The rational story that our unconscious keeps is full of winged beings such as dragons, hippogriffs, harpies and others. Among all of them, the Phoenix bird stands out; a bird with bright feathers and a long life that, as we know, is reborn from its own ashes. We also have the legend of Icarus, for whom his father, Daedalus, built wings to fly away from Crete. If we continue with the list, the angels of our mythological tradition also appear with wings on their backs, even in their satanic version.
More information
With such fantasies, in the year 852, equipped with a canvas as a parachute, the Muslim scholar Abbas Ibn Firnás decided to emulate the birds and jumped into the void from the minaret of the Mosque of Córdoba. Not happy with the result, he kept experimenting and, twenty years later, he would repeat the feat armed with two cloth-covered wooden wings. His fall caused him to break his legs. And it is that the fantasy of some has no limits when it comes to reaching the birds.
To continue with the same, in the eleventh century, Eilmer de Malmesbury, a Benedictine monk from the English Malmesbury Abbey, absorbed by the legend of Icarus that he believed to be real, built wings adapting them to the arms with a wooden structure. And he jumped from the top of one of the towers of the abbey. He flapped his wings and after managing to stay airborne for a few seconds, he finally fell to the ground, breaking his legs.
Remember that the invention of the motorless aerodyne began when a wise Muslim, a resident of Córdoba, decided to imitate the birds by jumping from a tower of the mosque
The flexible wing (1948) created by Francis Rogallo (NASA) to recover space capsules, which was discarded in favor of parachutes.NASA
Around 1250, Roger Bacon carried out the first scientific studies about the flying machine. And towards the end of the 15th century, Leonardo da Vinci was inspired by the wings of bats to project his ornithopter; a machine that would be pedaled into the air; a whole waste of anticipatory imagination that, at the beginning of the 19th century, the Swiss Jakob Degen perfected and put into practice with a hydrogen balloon to help in elevation.
However, it will not be until the end of the 19th century when the bird man approaches its almost definitive version with the studies of Otto Lilienthal included in his book The flight of birds as the basis of aviation, a work that includes the observations made by Otto and his brother Gustav from the flight of the storks, a bird that seemed to have been created with the purpose of serving as a model for the human being when it comes to achieving the dream of flying, as Antonio Martínez Ron collects in his book Algo new in heaven (Criticism, 2022).
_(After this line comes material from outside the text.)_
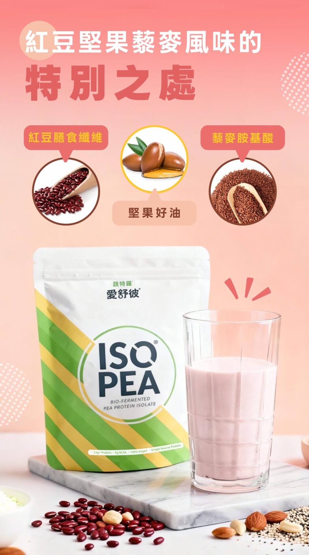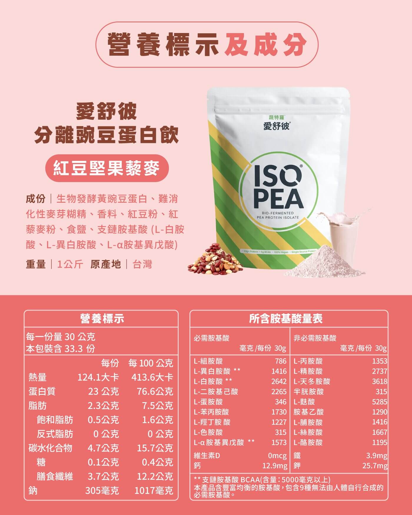 🌰 使用FermaPea™科技,採用生物發酵單一蛋白質來源
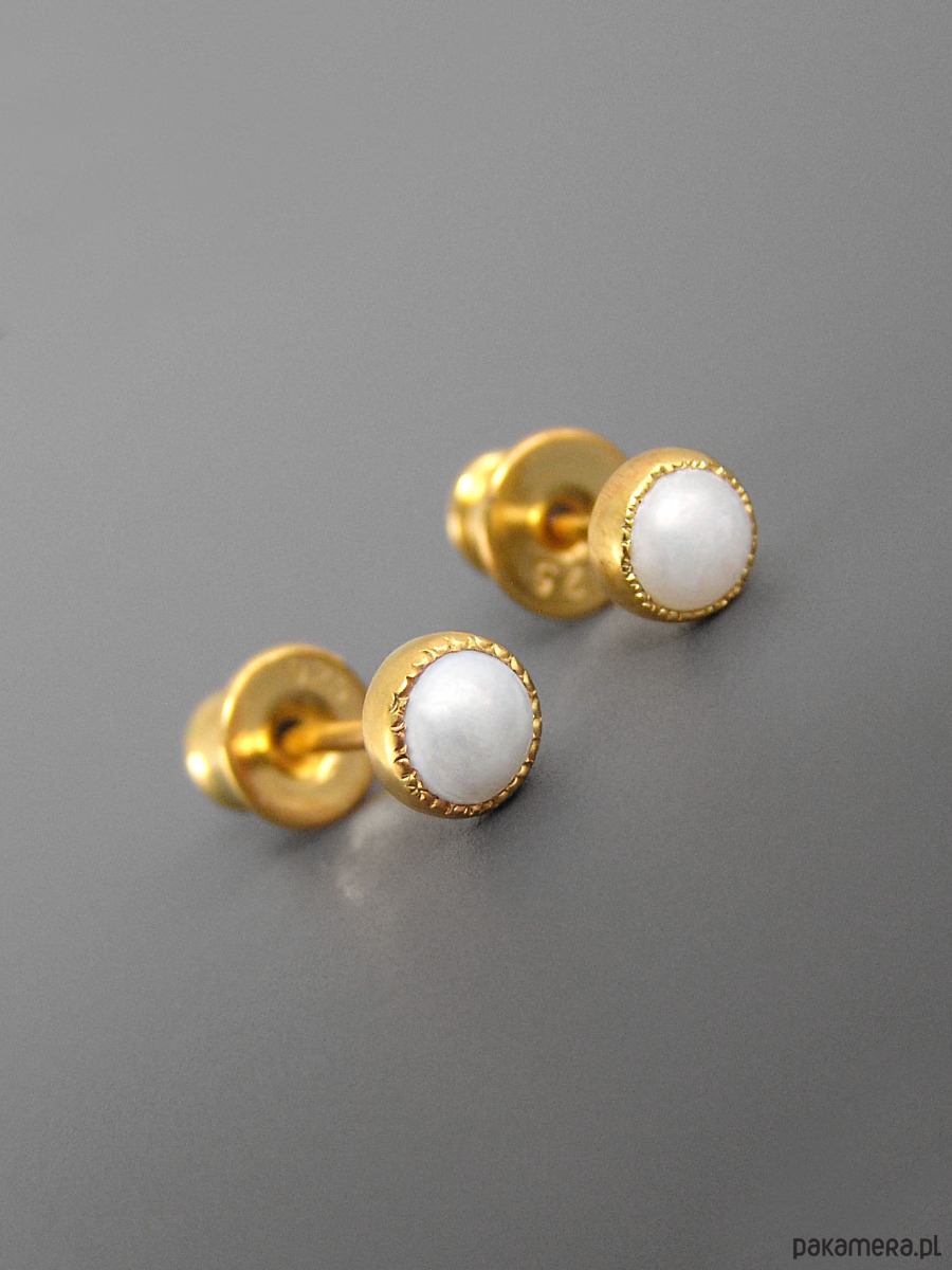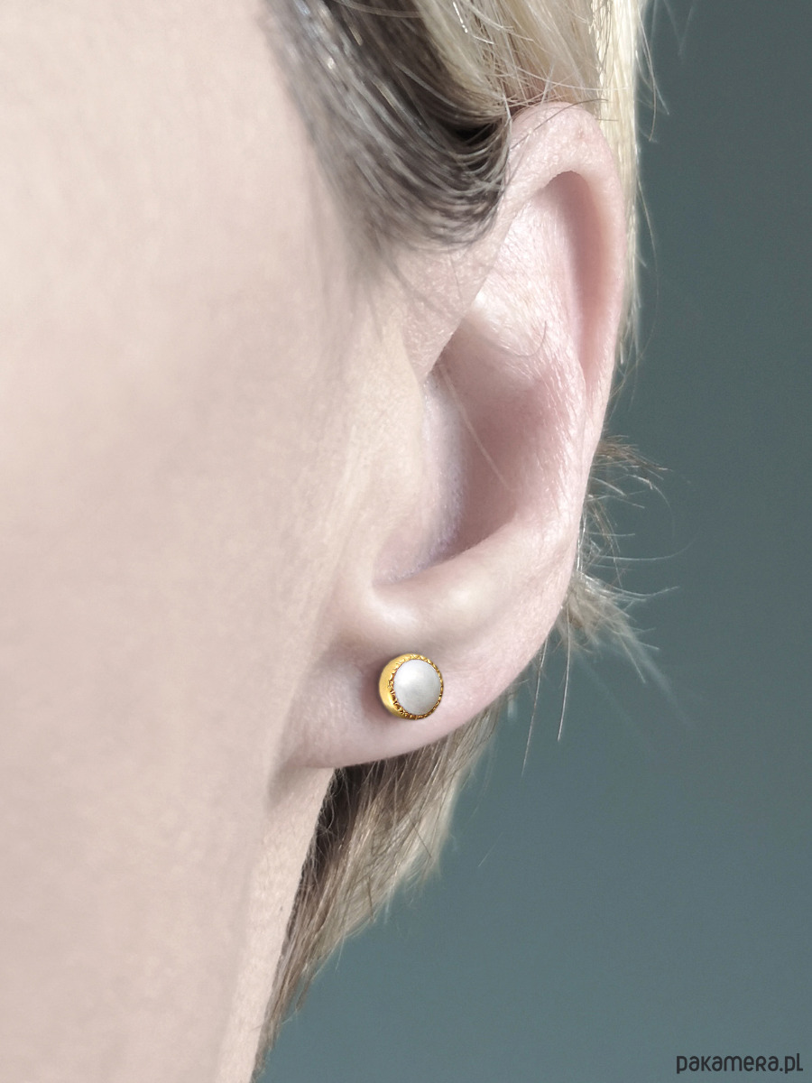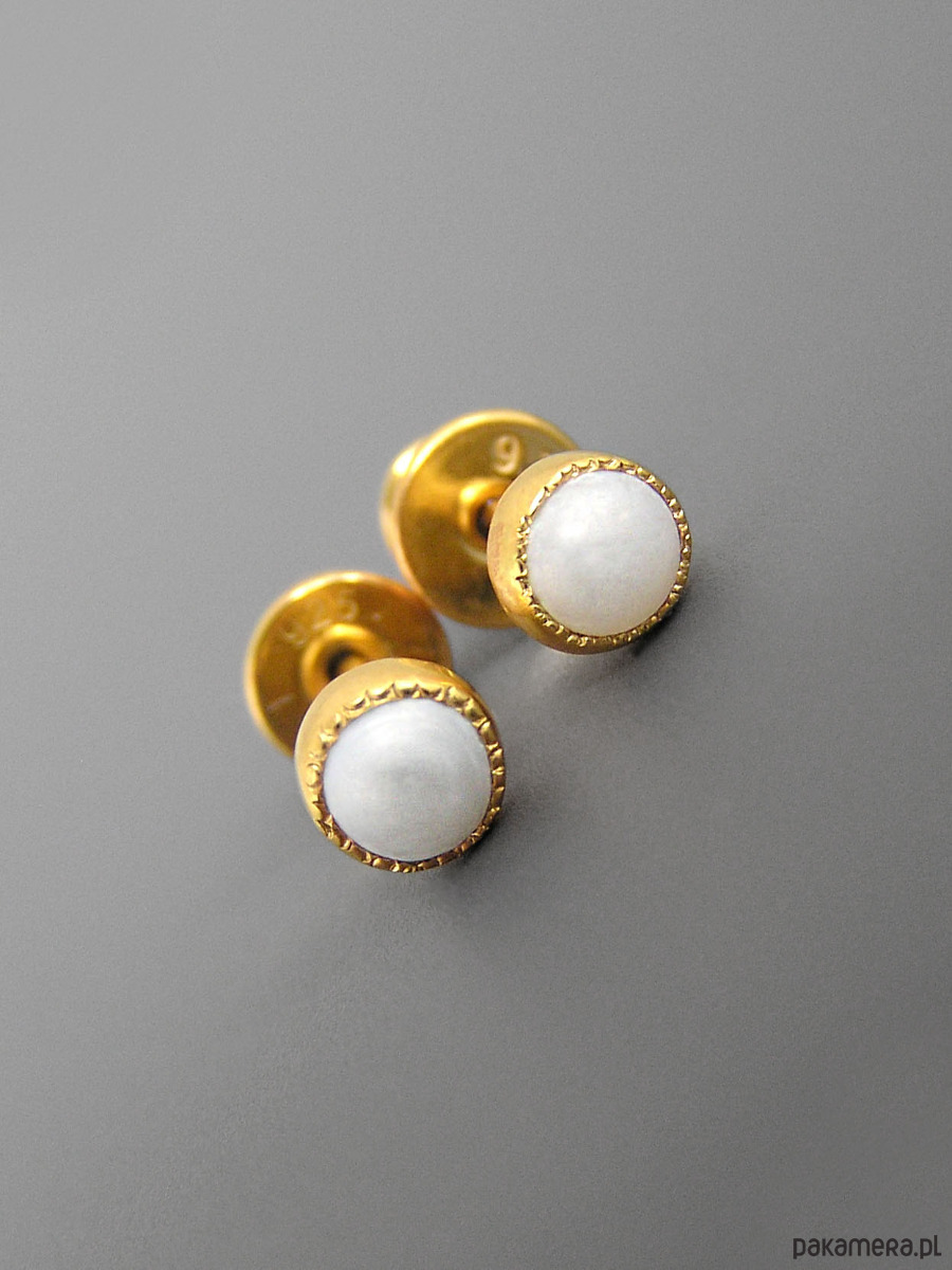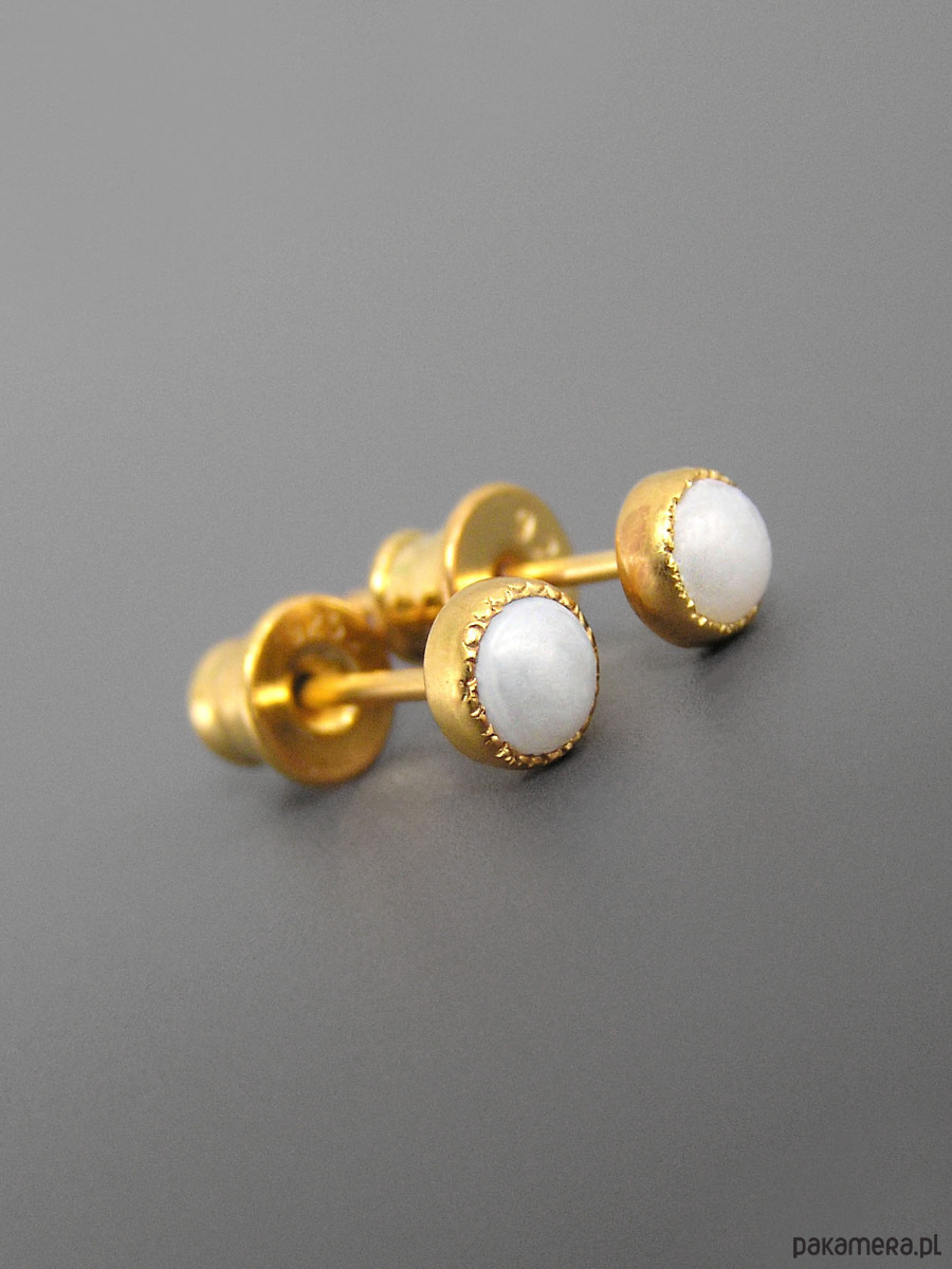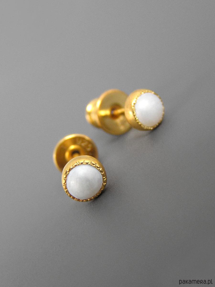Kolczyki z białą perłą, srebro pozłacane

Determined to put his theories into practice, Otto made a series of models that served to imitate storks in their flight. With determination, Otto Lilienthal would become famous for moving downwind on cloth wings. In one of those flights, the wind changed course and Otto would plummet, receiving the final blow that would cause his death.
In these summer days and clear skies in which the most daring people dare to do flying sports, it must be remembered that the invention of the motorless aerodyne is the sum of a lot of daring and a lot of broken bones that started a good day in the one in which a wise Muslim, a resident of Córdoba, decided to imitate the flight of birds by jumping from a tower of the mosque.
From here, the years will become centuries until Francis Rogallo, a NASA engineer, arrived to develop the flexible wing that John Dickenson adapted in 1963 to become what we know today as a hang glider.
The Stone Ax is a section where Montero Glez, with a desire for prose, exercises his particular siege of scientific reality to show that science and art are complementary forms of knowledge.